А дорогой Николай Григорьевич действовал по старой народной пословице «вода камень долбит».
— Фу-ты, какой, отбоя от тебя нету! — жаловался городской голова, вытирая фуляровым платком испарину со лба. Его утомили бесконечные проекты беспокойного учителя.
— Тебе бы торговлей заниматься! Купец из тебя первогильдейский! — одобрял он порой неутомимого общественного деятеля.
Усилиями комитета и вовлеченной в этот, по словам городского головы, «коловорот» думы весной 1912 года на центральной площади города разбили парк с редкими породами деревьев. В парке оставили место для памятника.
По совету приглашенного из Петербурга архитектора памятник задумали поставить на высоком холме, чтобы он напоминал Трубчевский курган, с которого Суворов руководил штурмом.
Двадцать два года собирал учитель средства, готовился к сооружению памятника и все не мог приступить к делу. То не хватало средств, то не могли достать бронзу. На этом едва не закончилась вся история.
Трудно приходилось учителю. Порой он хотел махнуть на всё рукой и заняться другими делами, но не позволяла совесть. И когда, казалось, дело приближалось к концу, когда уже готовились заказывать в Петербурге проект монумента, — Николай Григорьевич прочитал в газетах, что военные историки столицы получили «высочайшее соизволение» на сооружение памятника. Но его наметили поставить не в Измаиле, а на Рымникском поле сражения, на месте блистательной победы суворовских войск над турками в 1789 году. На сооружение этого памятника правительство отпустило средства.
Прочитав это известие, Громов растерялся.

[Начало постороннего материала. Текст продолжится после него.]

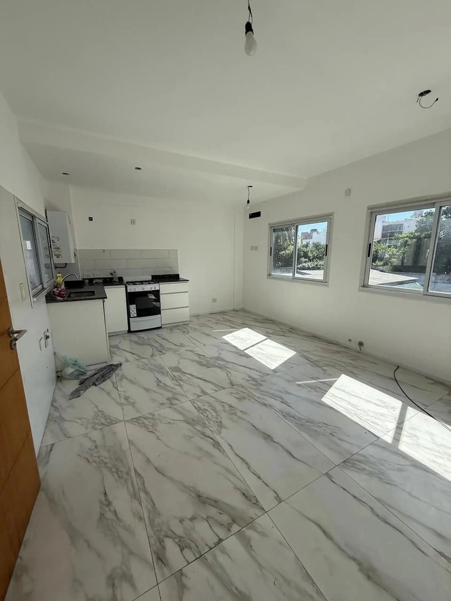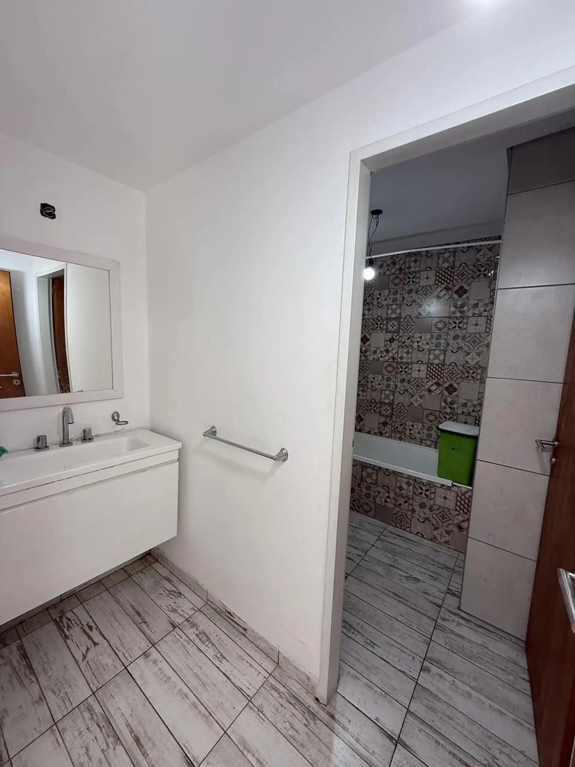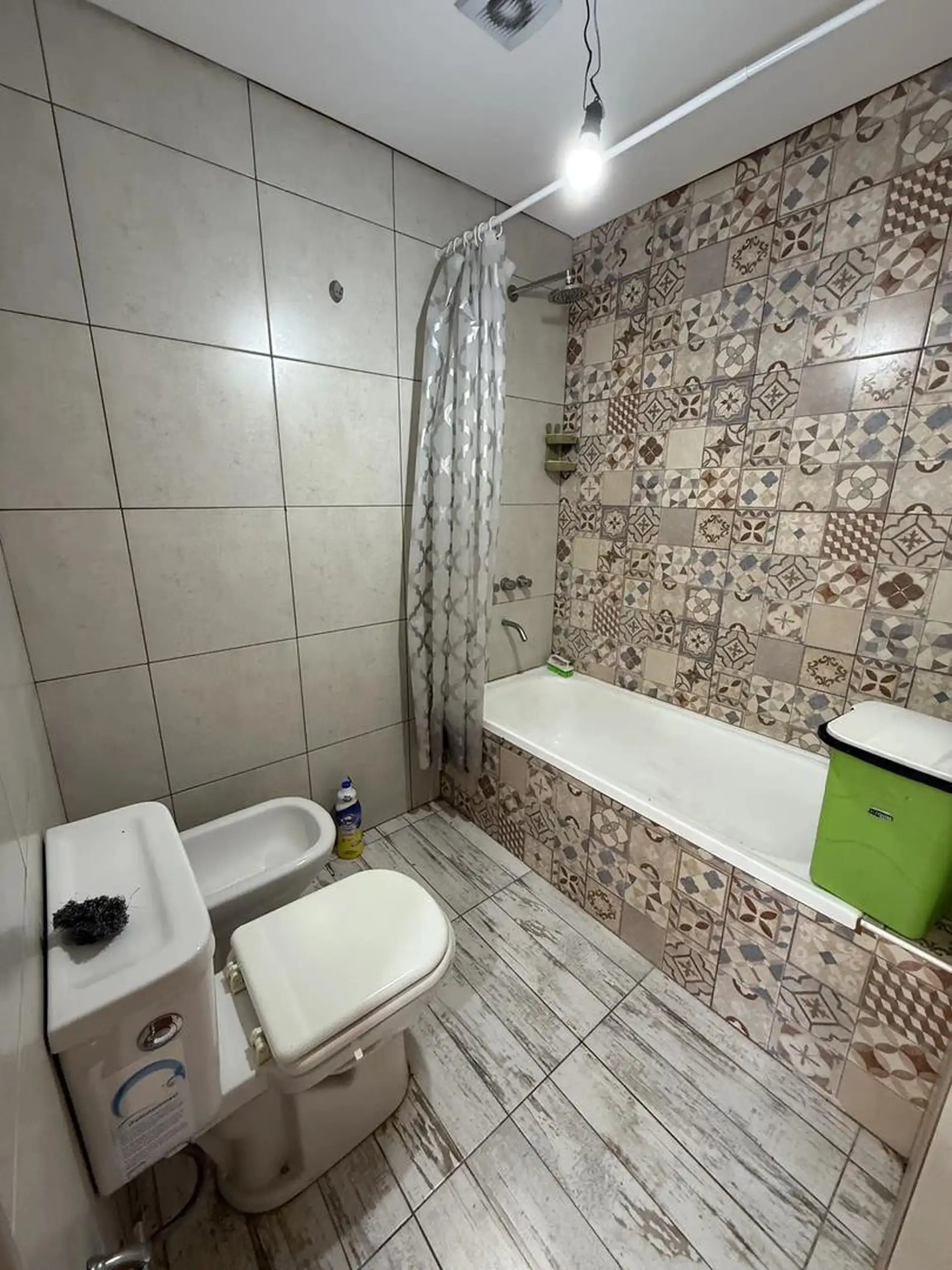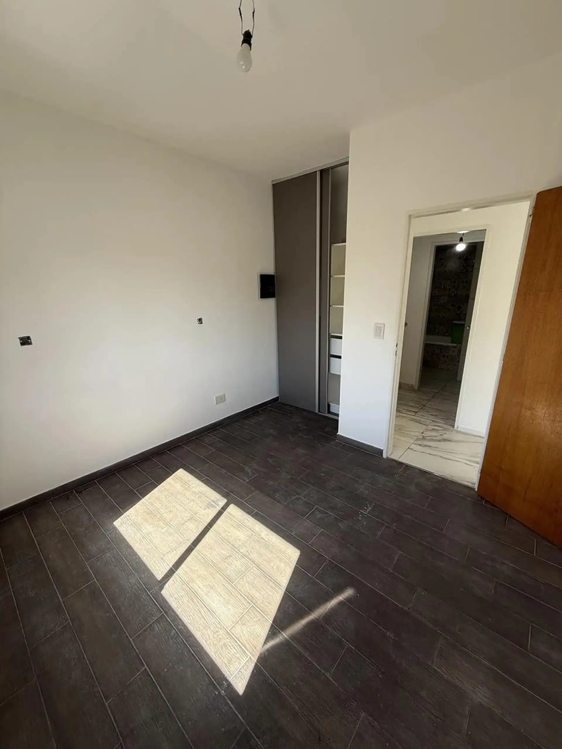 Apartamento de 2 ambientes no 2º andar, de fundos (contrafrente), em Morón. Sala de estar e jantar, cozinha com bancada e armários inferiores, quarto com armário. Banheiro e antebanheiro. Condomínio: 110000. Não aceita animais de estimação. Fica a poucos metros da Plaza de Morón e a algumas quadras da estação do Ferrocarril Sarmiento.

— Как же так! — разводил он руками. — Выходит, что двадцать с лишним лет трудов, хлопоты, переписка, проекты, подготовка — всё по боку! Никому не нужно!
Он прочитал газету во второй и в третий раз. Успокоился.
«Хорошо, — рассуждал он, — допустим, нам не удалось пока поставить в Измаиле памятник бессмертному подвигу русских людей. Это так! Зато другие оказались более удачливыми. Их старанием поставят не менее величественный монумент. Он отметит важное в истории нашего народа событие. Обидно только, что этот монумент соорудят за пределами нашей родной страны, в Румынии. Мало кто из русских людей увидит его. Зато он расскажет о славе русского оружия другим народам. Пусть они узнают, как русские солдаты дрались с турками, освобождая румынский народ от турецкого ига».
Много передумал в этот раз Николай Громов. И расстроился он и порадовался, а главное, решил не складывать оружия, не сдаваться.
«Никто же не распускает комитет. Никто не запрещает ставить монумент в Измаиле, — думал он и решил: — Надо работать!»
Приближалась сто двадцать пятая годовщина того дня, когда Суворов, имея под своим командованием около двадцати пяти тысяч солдат, разбил на реке Рымнике стотысячную армию турок. Громов понимал, что в такое время не до Измаила. Сейчас все внимание должно быть обращено не на Измаил, а на Рымникское поле сражения.
Он узнал, что сооружение памятника для Рымника поручено одесскому скульптору Эдуардсу, дипломанту Российской академии художеств, ваяния и зодчества. Эдуардса торопили.
Дела в Европе складывались для царского правительства неблагоприятно. Европейские журналисты писали о слабости русской армии. Надо было напомнить о славе русского оружия, припугнуть тех, кто шумел. Сооружение памятника, посвященного отваге и доблести русских воинов, чуть ли не в центре Европы казалось, по мнению царских сановников, наиболее подходящим выходом из положения.
По этой причине открытие памятника решили ускорить: его открыли в 1913 году, в сто двадцать четвертую годовщину разгрома турецкой армии.
На торжества приехали делегации от воинских частей русской и австрийской армий. Этими полками сто двадцать четыре года назад командовал на поле битвы у реки Рым-ник Суворов.
Громову удалось побывать на празднике, и он потом с увлечением рассказывал в Измаиле:
— Представьте себе высокий пьедестал из гранита, а на нем — бронзовая статуя! Суворов верхом на лошади. Вот и все. Но сделано чертовски талантливо! Полководец со шляпой в руке приподнялся на стременах. Его лошадь еще не успокоилась от шума сражения, ее бока нервно подрагивают. А Суворов глядит на проходящие мимо войска. Его глаза горят. Он приветствует победителей.
Больше всего поразила Николая Григорьевича выдумка строителей памятника. Его отлили из бронзовых трофейных пушек, взятых русскими солдатами в сражениях с турками.